On Sunday, I joined more than a thousand demonstrators at Raleigh-Durham International Airport to oppose an unconstitutional executive order signed by President Donald Trump last week. The order attempts to block refugees from entering the United States for 120 days (or if they’re Syrian, indefinitely) and to prohibit U.S. entry to nationals of seven Muslim-majority countries (Iran, Iraq, Libya, Somalia, Sudan, Syria and Yemen) for 90 days.
Thankfully, the night before our demonstration and many similar demonstrations at airports around the country, a federal district court judge in New York ordered a temporary nationwide stay on portions of Trump’s executive order, and at least four other judges have since followed suit. Nonetheless, certain Customs and Border Protection officers have been slow to comply with court orders, and these stays are neither complete nor permanent. Thus, many Americans remain outraged at the prospect of targeted discrimination as formal American foreign policy.

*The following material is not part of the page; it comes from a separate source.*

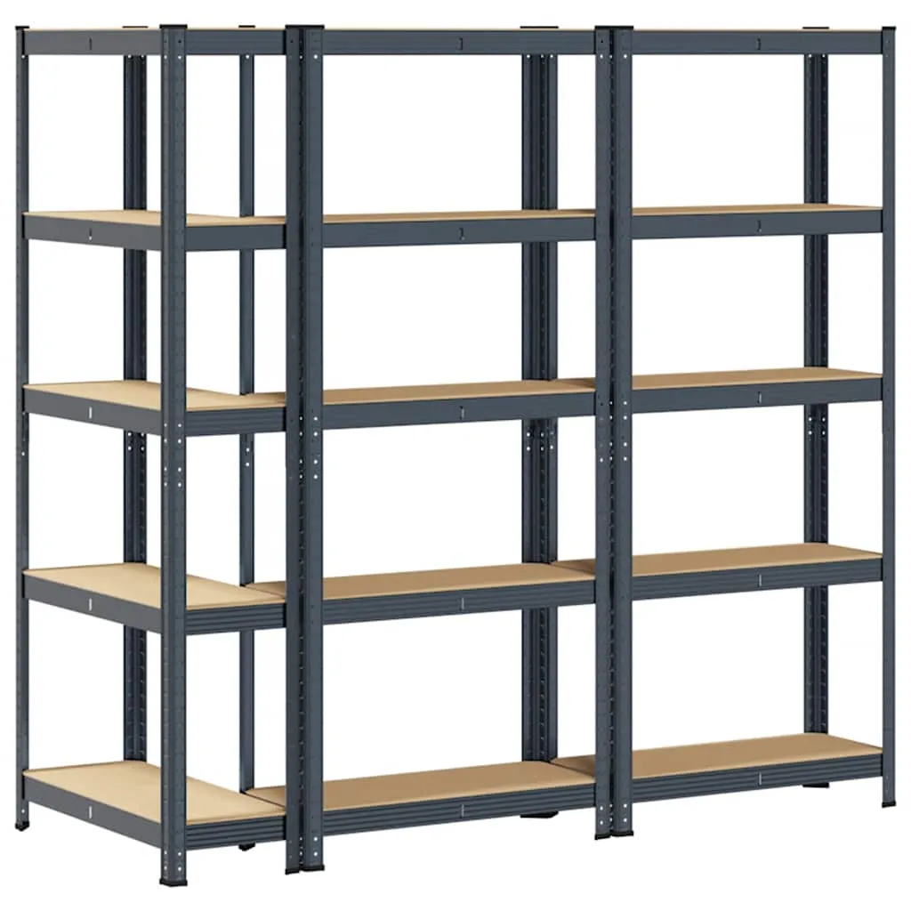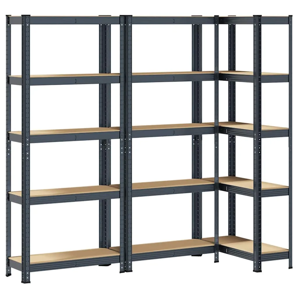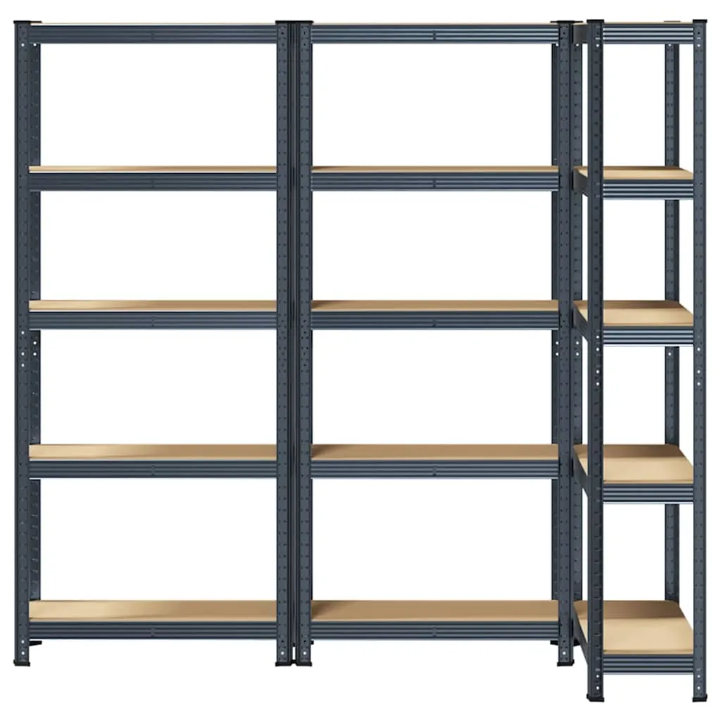 These storage shelves are an excellent choice for both residential and commercial storage, providing plenty of space to keep all items neatly organised. Sturdy material: The storage rack consists of a steel frame and engineered wood boards. The steel frames guarantee sturdiness and stability, while the engineered wood offers strength, stability, and resistance to moisture.Strong load capacity: Thanks to the thick material, a reinforcement bar below each shelf, and boltless shelving design, this garage storage shelf has a great load capacity.Flexible storage: This storage shelf can be divided into two separate small racks. Also, the layers are height-adjustable. Thus, the shelf provides ample storage space for all items you want to store and always keeps your space neat and well-organised. Warning:To prevent it from tipping over, this product must be used with the wall attachment device (not provided).
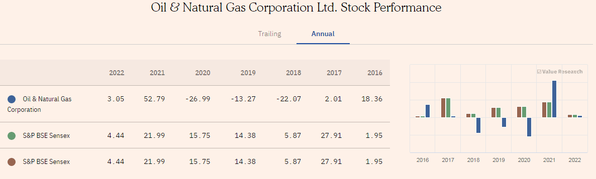 India’s largest crude oil and natural gas company, ONGC, has been instrumental in exploring and exploiting hydrocarbon resources within the country. This has led to a reduction in oil imports and increased energy self-sufficiency. Though annual returns from ONGC’s stocks were 3.05% in 2022, it was 52.79% in 2021.

I am one such American, which is why I spent my Sunday afternoon standing outside of an airport terminal holding a sign that read: “THIS PROUD IRANIAN-AMERICAN MUSLIM WILL NOT HIDE OR SHUT UP! I WILL RESIST!”
As a writer, I tend to avoid excessive capitalization and exclamation points, but this was a day for emphatic fonts and passionate punctuation. I was born in the United States, and I have lived in this country nearly my entire life. I want it to be safe from extremists of all stripes. But increasingly, I see our leaders, Republicans and Democrats alike in many cases, supporting religious fundamentalism—the evangelical, misogynistic American Christian variety at home and the sectarian, misogynistic Saudi Wahhabi variety abroad—without question. As a result, I worry for the future of this country I hold so dear.
As an Iranian-American Muslim, I also worry for myself, for my family and for my community. Personally, I have never felt so targeted by the country I call home, nor have I ever felt so obligated to defend it. I have no choice but to resist.
This isn’t merely political for me. This is personal. And I’m not just talking about wrecked travel plans or the inability to see loved-ones. I’m talking about my soul and my psyche.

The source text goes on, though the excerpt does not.